Serum proteins reflecting inflammation, injury and repair as biomarkers of disease activity in ANCA-associated vasculitis

Abstract

Objective: To identify circulating proteins that distinguish between active anti-neutrophil cytoplasmic antibody (ANCA)-associated vasculitis (AAV) and remission in a manner complementary to markers of systemic inflammation.

Methods: Twenty-eight serum proteins representing diverse aspects of the biology of AAV were measured before and 6 months after treatment in a large clinical trial of AAV. Subjects (n=186) enrolled in the Rituximab in ANCA-Associated Vasculitis (RAVE) trial were studied. Erythrocyte sedimentation rate (ESR) and C-reactive protein (CRP) levels were available for comparison. The primary outcome was the ability of markers to distinguish severe AAV (Birmingham Vasculitis Activity Score for Wegener's granulomatosis (BVAS/WG)≥3 at screening) from remission (BVAS/WG=0 at month 6), using areas under receiver operating characteristic (ROC) curve (AUC).

Results: All subjects had severe active vasculitis (median BVAS/WG=8) at screening.
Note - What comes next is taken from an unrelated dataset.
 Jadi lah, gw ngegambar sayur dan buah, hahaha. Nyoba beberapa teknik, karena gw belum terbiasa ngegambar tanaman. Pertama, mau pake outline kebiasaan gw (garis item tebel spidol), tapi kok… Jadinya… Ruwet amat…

In the 137 subjects in remission at month 6, 24 of the 28 markers showed significant declines. ROC analysis indicated that levels of CXCL13 (BCA-1), matrix metalloproteinase-3 (MMP-3) and tissue inhibitor of metalloproteinases-1 (TIMP-1) best discriminated active AAV from remission (AUC>0.8) and from healthy controls (AUC>0.9). Correlations among these markers and with ESR or CRP were low.

Conclusions: Many markers are elevated in severe active AAV and decline with treatment, but CXCL13, MMP-3 and TIMP-1 distinguish active AAV from remission better than the other markers studied, including ESR and CRP. These proteins are particularly promising candidates for future studies to address unmet needs in the assessment of patients with AAV.
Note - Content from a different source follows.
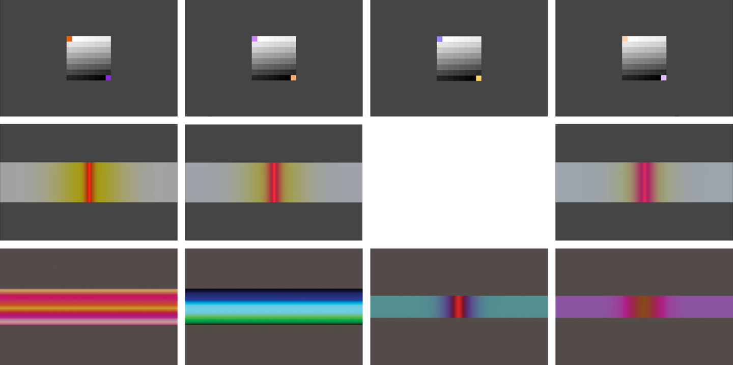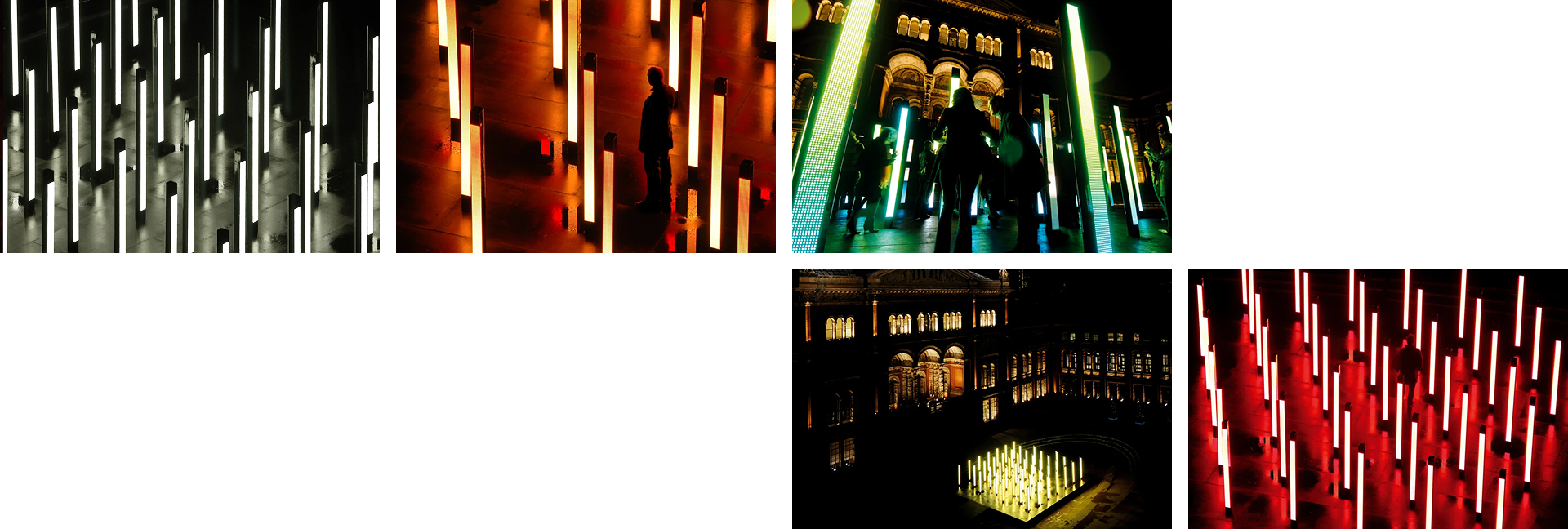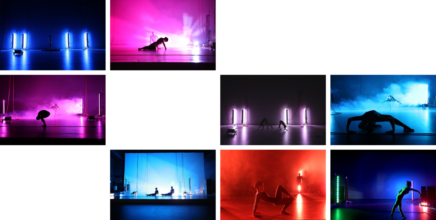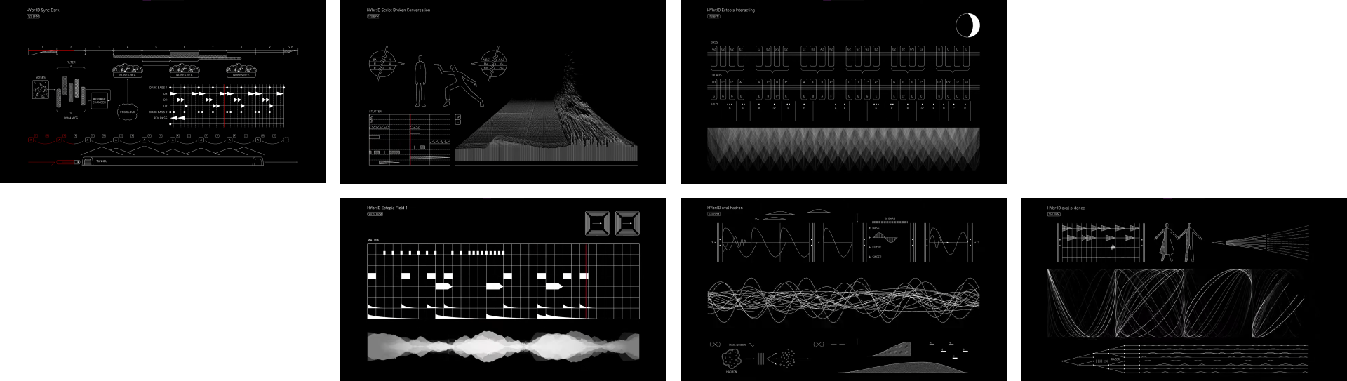 Alva Noto, кадры серии «UNIEQAV», 2018; «HYbr: ID», 2021-24 // Nonotak Studio, фотодокументация проекта «DAYDREAM V.2», 2016 // М. Фелл, фотодокументация проекта «Recursive frame analysis», 2015.

Keywords: Autoimmune Diseases; Chemokines; Cytokines.

Figure 1

Levels of selected markers in severe active ANCA-associated vasculitis (AAV), AAV in remission, and in healthy controls. Left panels: receiver operating characteristic curves showing the ability of selected markers to distinguish severe active AAV (at screening) from remission at month 6 (blue curves), and severe active AAV from healthy controls (red curves). The diagonal line indicates what would be expected with no discrimination between groups. Erythrocyte sedimentation rate and C-reactive protein were not measured in healthy controls. Right panels: levels in individual patients. All subjects had severe active AAV at screening and were in remission at month 6. The medians and 95th centiles among healthy controls are shown with horizontal solid and dotted lines, respectively. CRP, C-reactive protein; ESR, erythrocyte sedimentation rate; GM-CSF, granulocyte–monocyte colony-stimulating factor; MMP3, matrix metalloproteinase-3; TIMP-1, tissue inhibitor of metalloproteinases-1.

Figure 2

Correlations between marker levels. Spearman correlation coefficients for all pairs of experimental markers as well as erythrocyte sedimentation rate (ESR) and C-reactive protein (CRP) are shown. Background colour indicates strength of association (red, >0.75; orange, 0.5–0.75; yellow, 0.25–0.5; white, <0.25). BCA-1, CXCL13; FGFb, basic fibroblast growth factor; G-CSF, granulocyte colony-stimulating factor; GM-CSF, granulocyte–monocyte colony-stimulating factor; ICAM-1, intercellular adhesion molecule-1; IFN, interferon; IL, interleukin; IL-8, CXCL8; IL-18BP, interleukin 18 binding protein; IP-10, CXCL10; KIM-1, kidney injury molecule-1; MMP-3, matrix metalloproteinase-3; NGAL, neutrophil gelatinase-associated lipocalin; NGFβ, nerve growth factor β; PAI-1, plasminogen activator inhibitor-1; PDGF-AB, platelet-derived growth factor, A and B subunits; RANTES, CCL5; sIL-2R, soluble IL 2 receptor; sIL-6R, soluble IL 6 receptor; sTNF-RII, soluble TNF receptor II; TARC, CCL17; TIMP-1, tissue inhibitor of metalloproteinases-1; VCAM-1, vascular cell adhesion molecule-1.